Жена смотрителя проводила её по лестнице в сумрачную, но чистую комнату с белыми занавесками на окнах, старой дубовой кроватью и круглым столом с белой скатертью.

Мальчик двенадцати лет расставил на столе тарелки с запечённым лососем, хлебом и пирогами, солонку и чашку горячего чаю.

— Чего-то ещё изволите?

— Передай господину смотрителю, чтобы в семь часов приготовили лошадей. И приди доложить, когда можно будет ехать.

Мальчик принял гривенник, поклонился. И бесшумно затворил за собою дверь. Екатерина опустила щеколду.

Поужинала. Разделась и легла. Сумочку-кисет с деньгами надела на шею под сорочку, дорожную шкатулку спрятала под кровать. От белья пахло свежестью и прохладой. На стуле висело платье: подол морщился от сохнущей глины. Следовало бы наказать мальчику почистить одежду…

***

Светало. Часы показывали без четверти семь. Екатерина открыла глаза. Оделась и уложила волосы перед старым замутнённым зеркалом над умывальником. Она забыла взять в дорогу гребень, и спутанные пряди пришлось разбирать пальцами.

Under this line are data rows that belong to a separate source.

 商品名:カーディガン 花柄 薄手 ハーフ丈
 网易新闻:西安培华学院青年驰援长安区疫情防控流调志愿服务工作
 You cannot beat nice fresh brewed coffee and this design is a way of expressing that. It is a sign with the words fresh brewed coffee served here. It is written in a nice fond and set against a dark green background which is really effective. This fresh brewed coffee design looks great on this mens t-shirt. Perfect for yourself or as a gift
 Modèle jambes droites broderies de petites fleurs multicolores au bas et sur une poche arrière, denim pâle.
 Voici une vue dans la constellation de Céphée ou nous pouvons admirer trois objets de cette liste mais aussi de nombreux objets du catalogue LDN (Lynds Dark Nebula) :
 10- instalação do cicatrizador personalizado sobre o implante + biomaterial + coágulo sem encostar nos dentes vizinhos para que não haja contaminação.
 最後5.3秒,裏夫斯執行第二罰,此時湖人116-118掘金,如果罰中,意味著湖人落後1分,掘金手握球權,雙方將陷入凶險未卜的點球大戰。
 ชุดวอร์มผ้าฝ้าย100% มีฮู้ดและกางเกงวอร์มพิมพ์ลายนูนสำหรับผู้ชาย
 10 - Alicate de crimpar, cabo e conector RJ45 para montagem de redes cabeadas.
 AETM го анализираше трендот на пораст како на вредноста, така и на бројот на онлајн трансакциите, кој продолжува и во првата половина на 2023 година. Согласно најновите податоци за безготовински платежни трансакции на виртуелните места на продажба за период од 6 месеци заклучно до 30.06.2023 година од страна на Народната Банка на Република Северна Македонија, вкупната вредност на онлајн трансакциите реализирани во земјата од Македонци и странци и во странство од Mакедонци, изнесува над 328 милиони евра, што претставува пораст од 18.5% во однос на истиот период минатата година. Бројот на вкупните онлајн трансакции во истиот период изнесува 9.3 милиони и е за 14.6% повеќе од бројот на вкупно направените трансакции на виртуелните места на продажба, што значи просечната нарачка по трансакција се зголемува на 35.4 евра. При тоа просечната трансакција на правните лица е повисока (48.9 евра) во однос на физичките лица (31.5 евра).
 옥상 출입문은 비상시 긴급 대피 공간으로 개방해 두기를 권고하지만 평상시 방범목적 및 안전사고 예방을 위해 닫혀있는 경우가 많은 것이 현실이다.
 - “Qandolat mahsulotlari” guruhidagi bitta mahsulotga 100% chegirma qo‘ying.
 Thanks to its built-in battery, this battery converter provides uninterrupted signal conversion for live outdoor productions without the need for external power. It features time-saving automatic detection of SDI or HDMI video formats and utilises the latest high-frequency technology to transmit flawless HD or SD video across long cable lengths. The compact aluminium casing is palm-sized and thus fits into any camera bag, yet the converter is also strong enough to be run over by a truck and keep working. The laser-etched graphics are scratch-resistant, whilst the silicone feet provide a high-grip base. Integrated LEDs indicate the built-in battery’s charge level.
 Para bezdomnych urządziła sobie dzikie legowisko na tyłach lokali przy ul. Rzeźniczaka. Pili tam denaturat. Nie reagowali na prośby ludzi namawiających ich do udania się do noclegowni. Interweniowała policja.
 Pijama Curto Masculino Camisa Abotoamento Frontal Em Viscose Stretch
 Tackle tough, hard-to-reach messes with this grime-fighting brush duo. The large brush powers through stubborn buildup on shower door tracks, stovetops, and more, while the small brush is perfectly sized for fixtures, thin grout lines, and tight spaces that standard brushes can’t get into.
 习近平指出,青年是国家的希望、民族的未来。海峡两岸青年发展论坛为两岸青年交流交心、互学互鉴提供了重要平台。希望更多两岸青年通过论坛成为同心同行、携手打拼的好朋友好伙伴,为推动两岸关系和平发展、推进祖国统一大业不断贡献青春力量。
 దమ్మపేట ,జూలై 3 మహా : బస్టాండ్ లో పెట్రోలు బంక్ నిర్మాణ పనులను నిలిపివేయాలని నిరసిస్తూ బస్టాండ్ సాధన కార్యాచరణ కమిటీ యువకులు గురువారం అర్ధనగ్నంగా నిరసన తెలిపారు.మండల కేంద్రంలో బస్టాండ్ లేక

В семь часов мальчик постучался в дверь.

— С добрым утром, барышня! Хозяева послали узнать, не угодно ль вам чего.

— Скажи, готов ли мой экипаж?

— Не готов, барышня. Лошадей, говорят, нету.

— Как так — нету? Разве их отдали? Приезжал ли после меня кто-нибудь?

— Господин какой-то важный под утро из Петербурга прискакали, а боле никого не было, — мальчик поклонился с равнодушно-послушным видом.

— Проводи меня к смотрителю!

Они спустились по лестнице. Из тёмной нижней комнаты мальчик отворил тяжёлую дверь и провёл Екатерину в жилые покои, где пахло пирогами, нюхательным табаком и прогоревшими дровами. В передней стояла русская печь, старые шкафы, напольное зеркало, кресла, накрытые пушистыми покрывалами, и круглый стол со скатертью. Смотритель пил чай из самовара.

— Алёшка! Ступай к господину, что приехал два часа тому назад.

Мальчик поклонился и ушёл.

— Отчего вы не даёте лошадей? — спросила Екатерина.

— Их нету-с, — смотритель хлебнул чай. — Не изволите ли позавтракать, сударыня?

— Милостивый государь! Вчера вы говорили иначе и обещали, что ждать мне не придётся! Извольте объясниться!

— У меня нет свободной четверни.

— Не стыдно ли вам обманывать? Я еду одна, к раненому офицеру! Родители мои далеко и опекать меня в пути не могут! У меня подорожная. А вы хотите взыскать с меня плату больше положенной! Если вы хотите поживиться за мой счёт, дайте мне курьерскую тройку!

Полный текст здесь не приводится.